Synthesizing a novel quinazoline incorporating substituted sulfonamide moieties in order to obtain anticancer activity with lower toxicity has attracted attention on the beneficial effect of this group to overcome one of the most serious problems in cancer chemotherapy, which is the lower efficacy and higher toxicity. Therefore, we aimed in this study to synthesize a novel series of quinazolinone derivatives carrying biologically active substituted-sulfonamide moieties at 3-position to achieve new compounds with the anticancer effect. Herein, a novel unexpected series of quinazoline incorporating substituted sulfonamide moieties was synthesized and evaluated in vitro for their anticancer activity. Some compounds were found to exhibit high cytotoxicity in the MCF-7 breast cancer cell line. Compounds 4d and 4f were appeared as the most effective derivatives against MCF-7 cells. Flow cytometry data showed that compounds 4d and 4f successfully triggered apoptosis in MCF-7 cells.

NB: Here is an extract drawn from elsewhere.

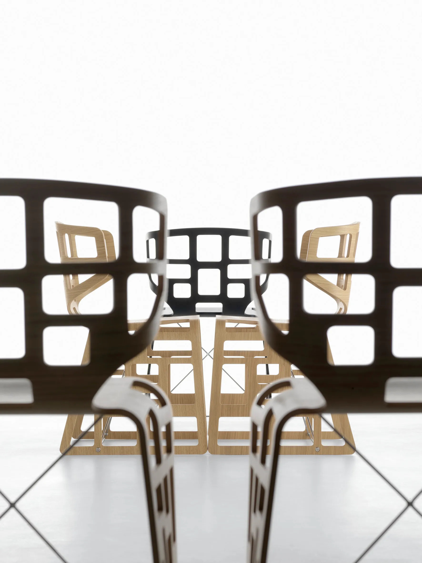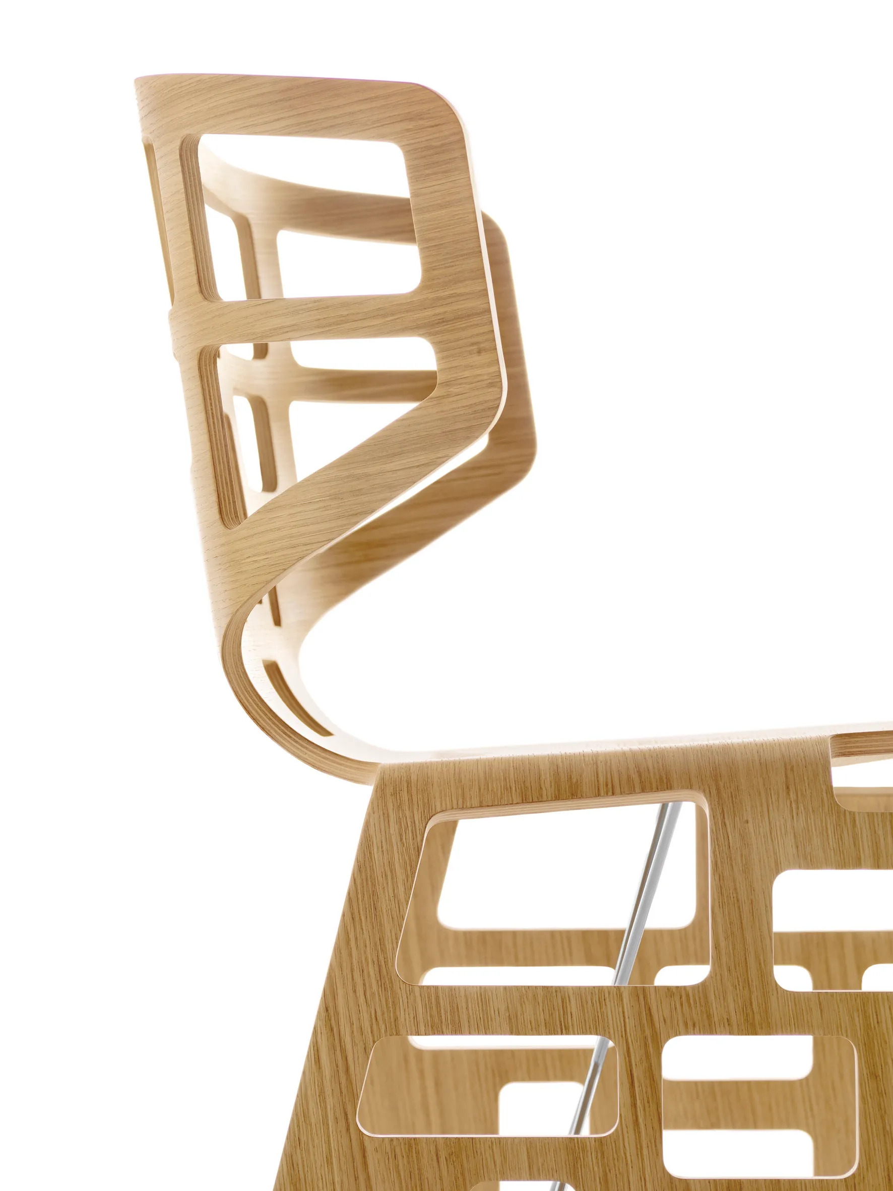 The OLÈ R side chair features a seat crafted from a single sheet of oak plywood, expertly calibrated and molded to a thickness of 12 millimeters. Designed by Ludovica and Roberto Palomba in 2005, this chair showcases a distinctive pattern of holes in varying shapes and sizes, creating an intriguing interplay of space and volume. Its modern design makes it an ideal choice for dining tables in restaurants, conference room furniture, and café chairs. The chair's ergonomic and durable seating ensures comfort, while its stackable nature offers practicality for event spaces, banquet halls, and educational institutions. Recognized for its innovative design, the OLÈ R was awarded the "Best of 2007" Interior Design Award in the Seating category.
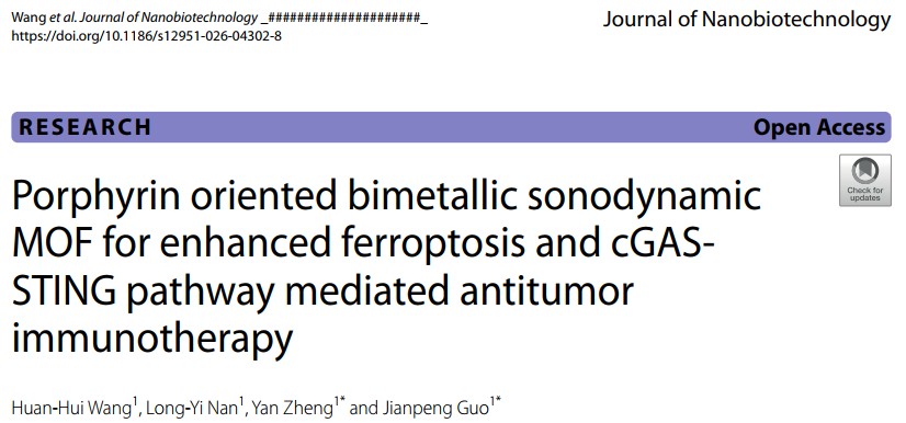 近日,药学院药物制剂教学科研团队郭建鹏教授课题组在Top期刊《Journal of Nanobiotechnology》上发表了题为“Porphyrin oriented bimetallic sonodynamic MOF for enhanced ferroptosis and cGAS-STING pathway mediated antitumor immunotherapy”的论文,博士生王焕辉为第一作者。

Furthermore, changes in the expression of apoptosis-related markers at the gene and protein level were also indicative of apoptotic activity. Molecular docking of compounds 4d and 4f also suggested that they possess good binding affinity for Bcl-2. Overall, screening of the tested compounds could offer an encouraging framework in this field, which may lead to develop more potent, selective, clinically useful analogues anticancer agents. Furthermore, the existing compounds are currently under investigations for their in vivo anti-cancer activity in different transplantable mouse tumors model. A series of toxicity studies are also underway to determine the safety of these existing compounds.